Retrieving information from a document is easy using the DOM. Most of the work lies in traversing the document tree and selecting the nodes that are actually interesting for the application. Once that is done, it is usually trivial to call a method of the node (or nodes), or to retrieve the value of an attribute of the node. In order to extract information using the DOM, however, we first need to get a DOM document object.
Perhaps the most glaring hole in the DOM specifications is that there is no facility in the API for retrieving a document object from an existing XML document. In a browser, the document is completely loaded before the DOM client code in the embedded or linked scripts can get to the document, so the document object is placed in a well-known location in the script’s execution environment. For applications that do not live in a web browser, this approach simply does not work, so we need another solution.
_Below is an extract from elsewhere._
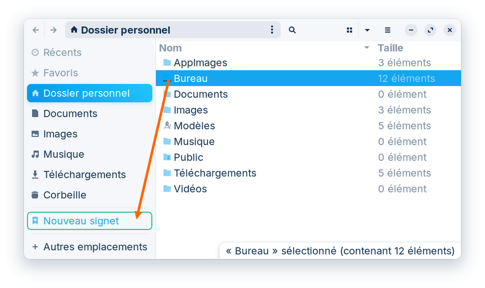 Pour pallier cette absence, il suffit de créer un "signet" depuis le répertoire personnel en glissant le "Bureau" dans la partie basse du volet latéral de Nautilus, comme ceci :
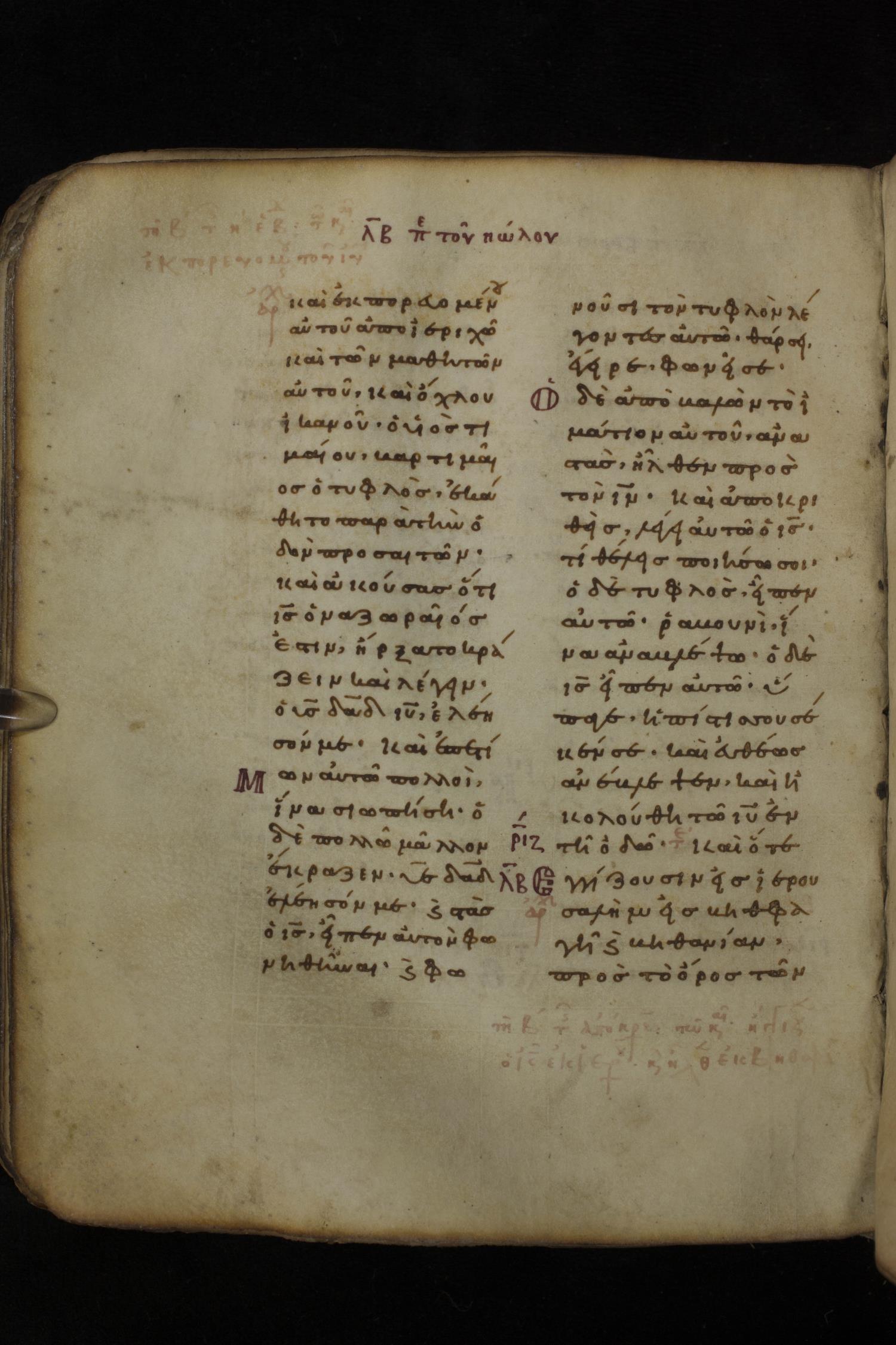 Eleventh century minuscule of the Gospels on parchment; 266 leaves, 2 column, 22 lines per column. Images were taken at the National Library of Greece in Athens.

Our solution depends on the particular DOM implementation we use. We can always create a document object from a file, a string, or a URL.
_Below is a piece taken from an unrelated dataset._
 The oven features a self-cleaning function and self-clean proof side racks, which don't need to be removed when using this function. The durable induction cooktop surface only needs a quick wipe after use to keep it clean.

Creating a DOM instance to work with is easy in Python. Using 4DOM, we need call only one function to load a document from an open file:
from xml.dom.ext.reader.Sax2 import FromXmlStream doc = FromXmlStream(sys.stdin)
There are two convenient functions in the xml.dom.minidom
module that can be used to load a document. The parse
function takes a parameter that can
be a string containing a filename or URL, or it can be a file object
open for reading:
import xml.dom.minidom doc = xml.dom.minidom.parse(sys.stdin)
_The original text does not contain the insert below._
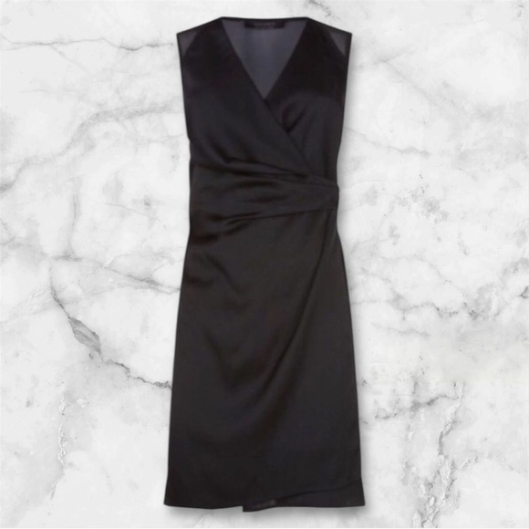 ✅All Saints Black Ruched Sheath Wrap Dress
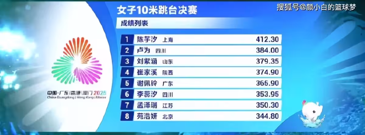 全運會女子10米台決賽,上海隊的陳芋汐以412.30分的成績斷崖奪冠,第二名的盧為384分,第三名的劉紫涵379.35分。

Another function, parseString
, can be used to load a
document from a buffer containing XML text that has already been
loaded into memory:
doc = xml.dom.minidom.parseString("<doc>My tiny document.</doc>")
You can use the constants built in to the DOM to see what type of node you are dealing with. It may be an element, an attribute, a CDATA section, or a host of other things. (All the node type constants are listed in Appendix D.)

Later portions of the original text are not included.